1) Message boards : Theory Application : "inconsist mother/daughter information in Phytia8 event" (Message 46192)
Posted 8 Feb 2022 by Peter Skands
Post:
Hi,

Generator updates and bug fixes are not always as fast as one might like, but I wanted to at least show that this one did get addressed, and thank those that wrote to us about the error messages they were seeing about inconsistent mother/daughter pointers, here from the program's update notes at pythia.org :

8.306: 28 June 2021
- Fixed issue for HepMC output from Vincia, which would previously issue warnings about inconsistent mother/daughter relationships, caused by Vincia's antenna-style bookkeeping by which emitted partons have two mothers instead of one. For status codes 43, 51, and 53, the HepMC interface now ignores the second parent, always using just the first one to define the vertex structure. Minor modifications to Vincia's QCD shower to ensure that the first mother is the one that changed colour and hence would be identified with the "radiator" in a collinear context. Analogous modifications in the QED module so the most collinear parent is the first mother.

Again, thanks as always for reporting issues that you see in the runs, and apologies if we are sometimes (very) slow to react to them; we are not a big group of people but have to cover a lot of ground.

All the best,
Peter Skands, on behalf of the Pythia team.
2) Message boards : Theory Application : Tasks run 4 days and finish with error (Message 46191)
Posted 8 Feb 2022 by Peter Skands
Post:
Hi Greger & others on this thread,

I posted a message on a couple of similar threadsj ust now, but repeat it here. I agree it's frustrating and I don't actually understand what is happening with these runs. In the past, we had argued that, for some generators, we had to accept a small failure rate since we otherwise could not do comparisons to those generators at all. We had then hoped that updating them to the latest versions would gradually fix the issues we were seeing, but this has not really been the case.
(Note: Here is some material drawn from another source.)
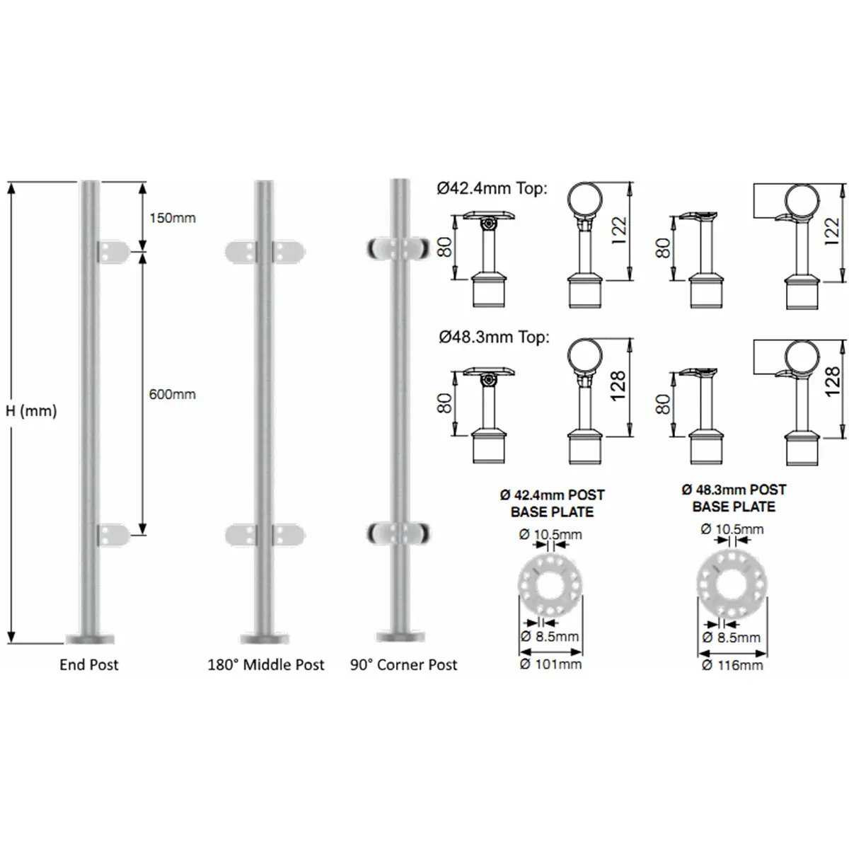 - Ø48.3mm Posts = 972mm

Having to operate with a non-negligible rate of jobs that fail is not nice, especially when this fraction does not seem to reduce with time.
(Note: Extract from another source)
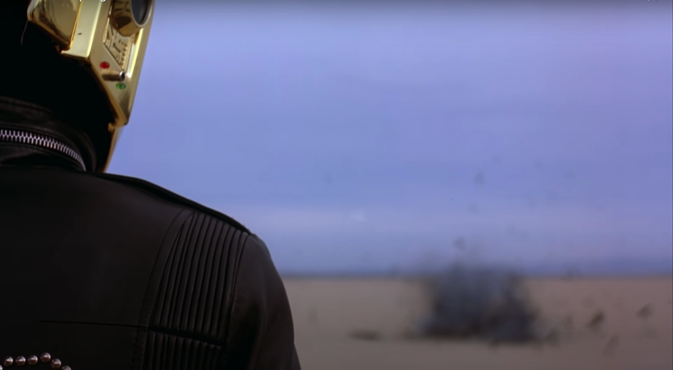 The one left can't do anything but walk away in either the sunrise or sunset, leaving a clear message to all the fans that have accompanied them for all these years - whether it's a new beginning or a full on goodbye, the music that Daft Punk have made is meant to stay.

I regret if we have been too slow to react, but at least now for 2022, we have come up with a plan to revitalize T4T. To start with, we are going to stop sending out jobs for the generators that are problematic, at least until we can sit down for a good proper debugging session with the authors of those codes, and fully iron their issues out so that they would be ready and steady for sending back out in T4T again.

During 2022, we plan to start by focusing our attention on getting (back) to the virtual equivalent of what the LHC machine people would call 'stable beams' for the most widely used generator, Pythia, setting a new baseline for future T4T operation. At least for that generator, our team has author-level in-house expertise, so we are confident we can do this, if we put in the hours.

At the same time, we think this can allow us to try out some new and possibly even more useful tests, which I hope we will be able to also make some announcements of down the track. So despite the issues you and others have been experiencing, I hope you will choose to stick with our project a little longer and see if things improve during 2022.

Best regards
Peter Skands
3) Message boards : Theory Application : Theory Task having crazy time (Message 46190)
Posted 8 Feb 2022 by Peter Skands
Post:
Hi maeax and Crystal,

I posted a message on a similar thread to Erich56 just now, but repeat it here. I agree it's frustrating and I don't actually understand what is happening with these runs. In the past, we had argued that, for some generators, we had to accept a small failure rate since we otherwise could not do comparisons to those generators at all. We had then hoped that updating them to the latest versions would gradually fix the issues we were seeing, but this has not really been the case. Having to operate with a non-negligible rate of jobs that fail is not nice, especially when this fraction does not seem to reduce with time.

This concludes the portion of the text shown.